### Exercise brief
Set the listing down unchanged, minus every embedded image.

### Dataset section
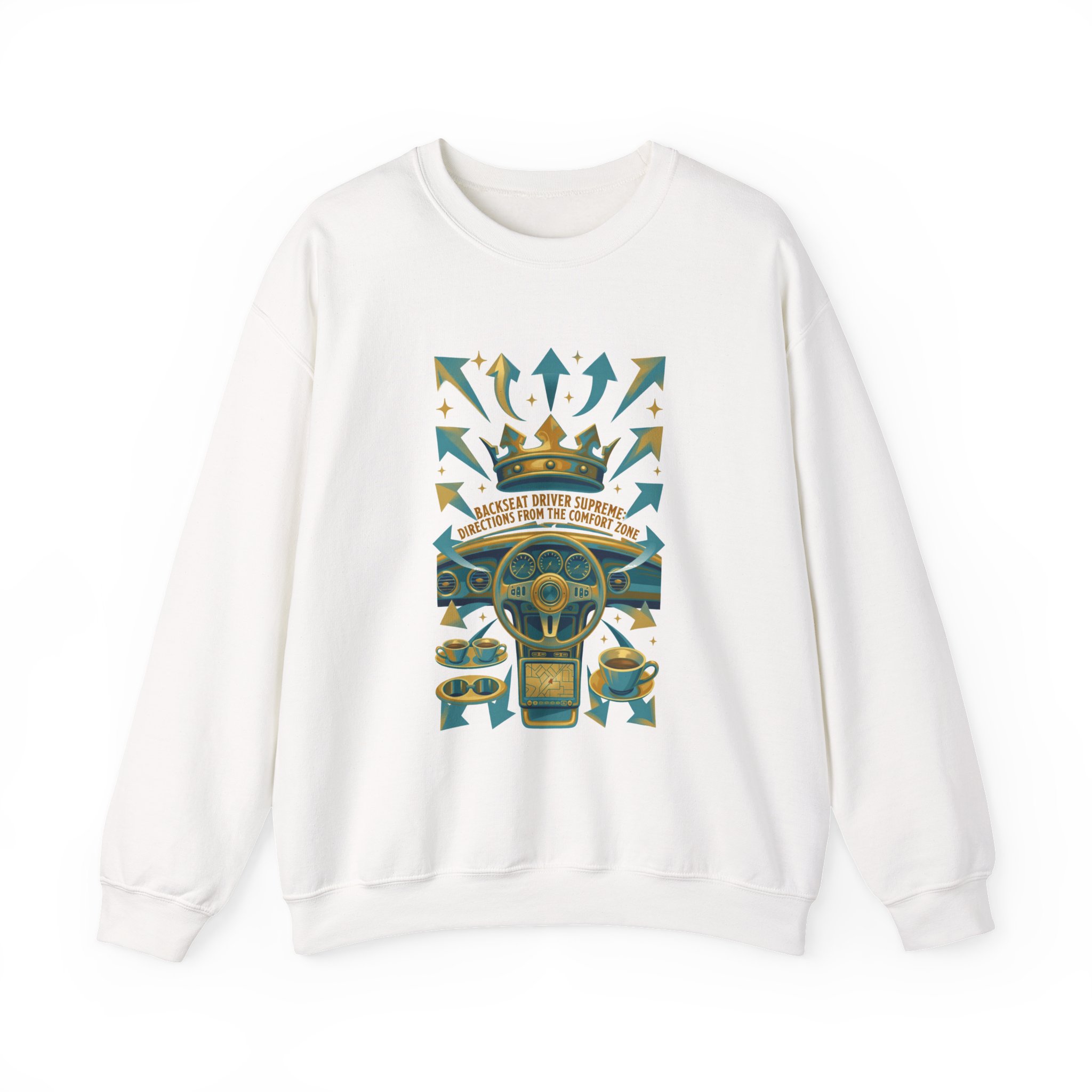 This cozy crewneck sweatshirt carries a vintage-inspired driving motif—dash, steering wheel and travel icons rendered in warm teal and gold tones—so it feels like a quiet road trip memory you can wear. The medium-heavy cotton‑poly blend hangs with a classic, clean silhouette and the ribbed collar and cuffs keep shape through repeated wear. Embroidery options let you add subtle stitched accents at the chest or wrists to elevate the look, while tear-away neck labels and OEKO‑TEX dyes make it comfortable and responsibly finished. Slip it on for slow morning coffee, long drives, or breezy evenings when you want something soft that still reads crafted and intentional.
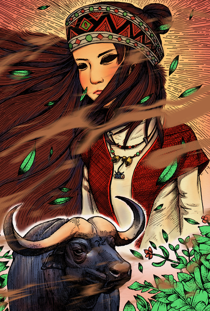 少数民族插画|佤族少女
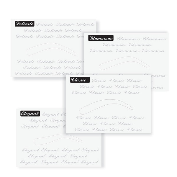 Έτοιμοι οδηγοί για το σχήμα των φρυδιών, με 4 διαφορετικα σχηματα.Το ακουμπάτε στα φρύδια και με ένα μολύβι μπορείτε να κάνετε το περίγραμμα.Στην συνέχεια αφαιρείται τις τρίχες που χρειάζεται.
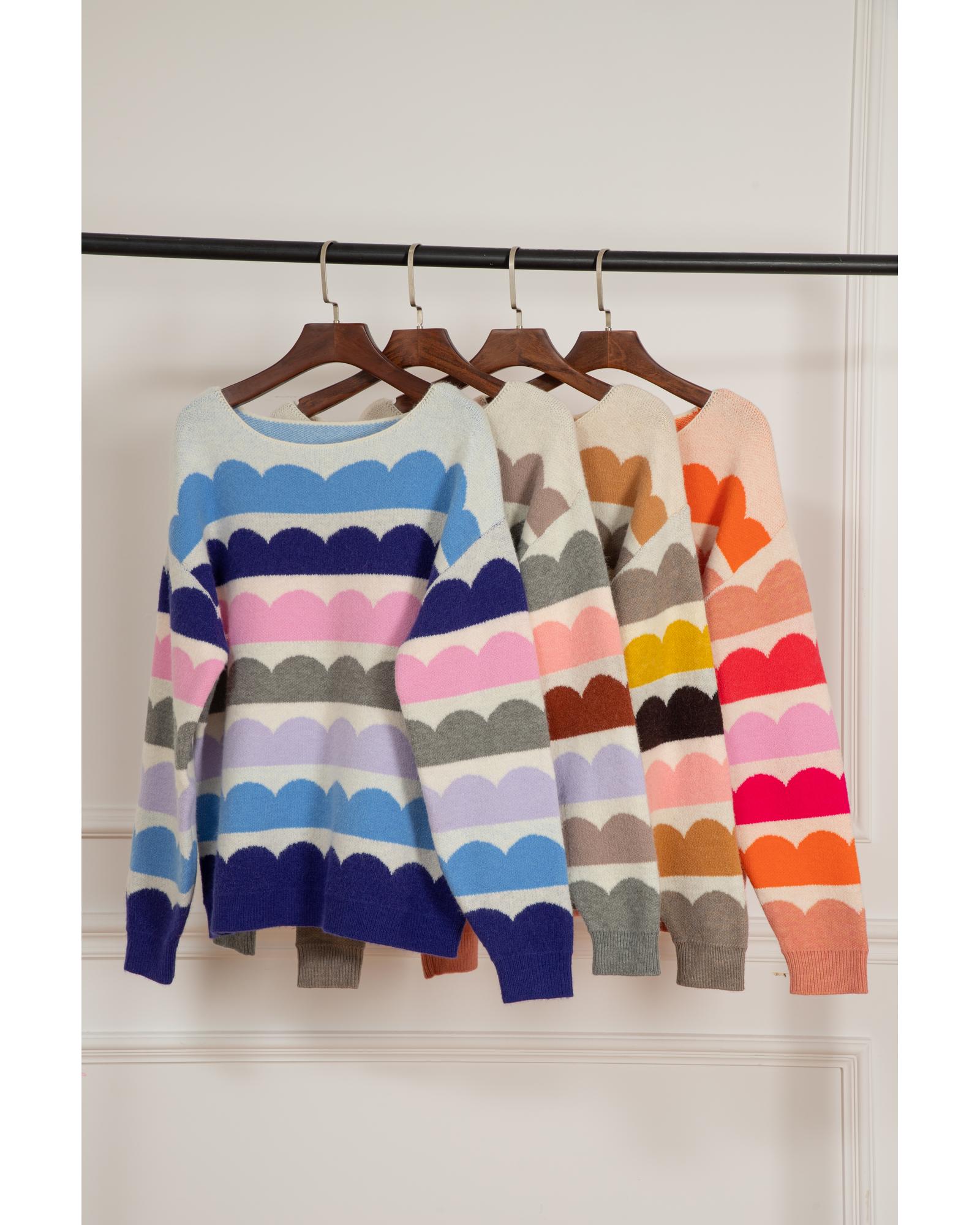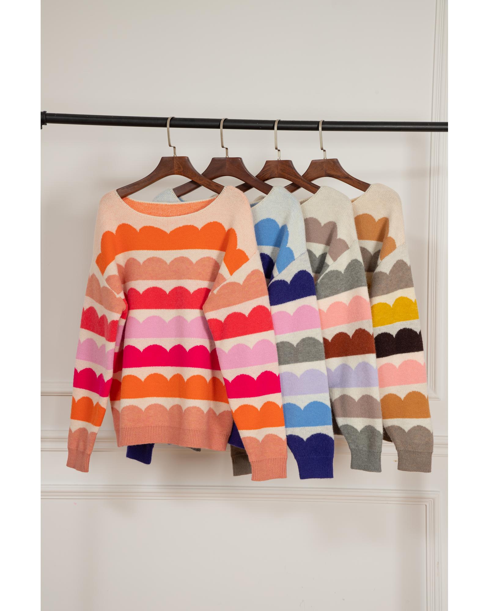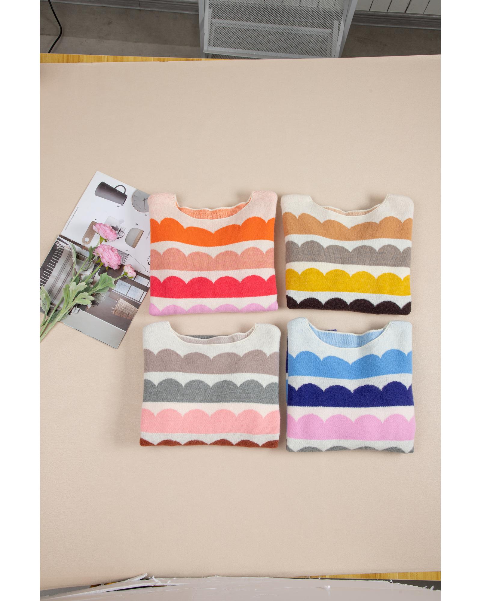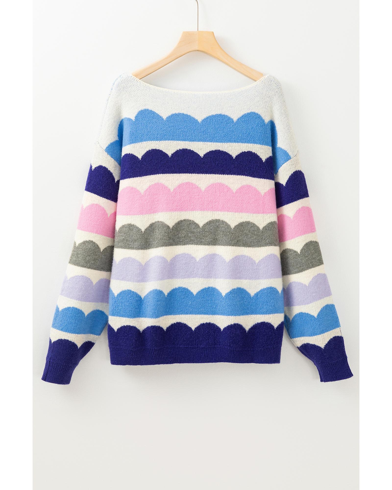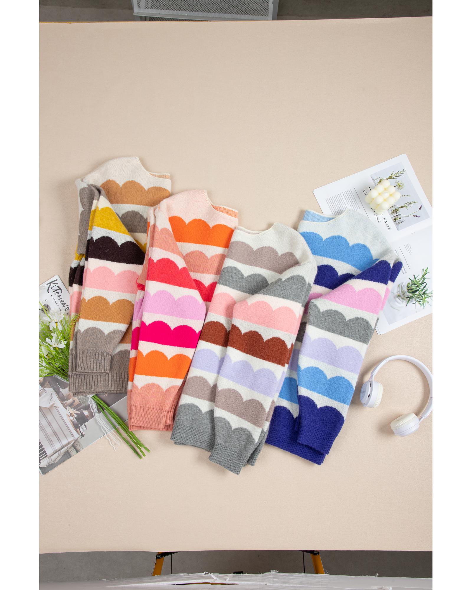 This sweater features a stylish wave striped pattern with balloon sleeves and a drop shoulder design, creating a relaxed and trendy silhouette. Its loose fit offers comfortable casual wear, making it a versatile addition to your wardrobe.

### Answer to this task
 This cozy crewneck sweatshirt carries a vintage-inspired driving motif—dash, steering wheel and travel icons rendered in warm teal and gold tones—so it feels like a quiet road trip memory you can wear. The medium-heavy cotton‑poly blend hangs with a classic, clean silhouette and the ribbed collar and cuffs keep shape through repeated wear. Embroidery options let you add subtle stitched accents at the chest or wrists to elevate the look, while tear-away neck labels and OEKO‑TEX dyes make it comfortable and responsibly finished. Slip it on for slow morning coffee, long drives, or breezy evenings when you want something soft that still reads crafted and intentional.
 少数民族插画|佤族少女
 Έτοιμοι οδηγοί για το σχήμα των φρυδιών, με 4 διαφορετικα σχηματα.Το ακουμπάτε στα φρύδια και με ένα μολύβι μπορείτε να κάνετε το περίγραμμα.Στην συνέχεια αφαιρείται τις τρίχες που χρειάζεται.
 This sweater features a stylish wave striped pattern with balloon sleeves and a drop shoulder design, creating a relaxed and trendy silhouette. Its loose fit offers comfortable casual wear, making it a versatile addition to your wardrobe.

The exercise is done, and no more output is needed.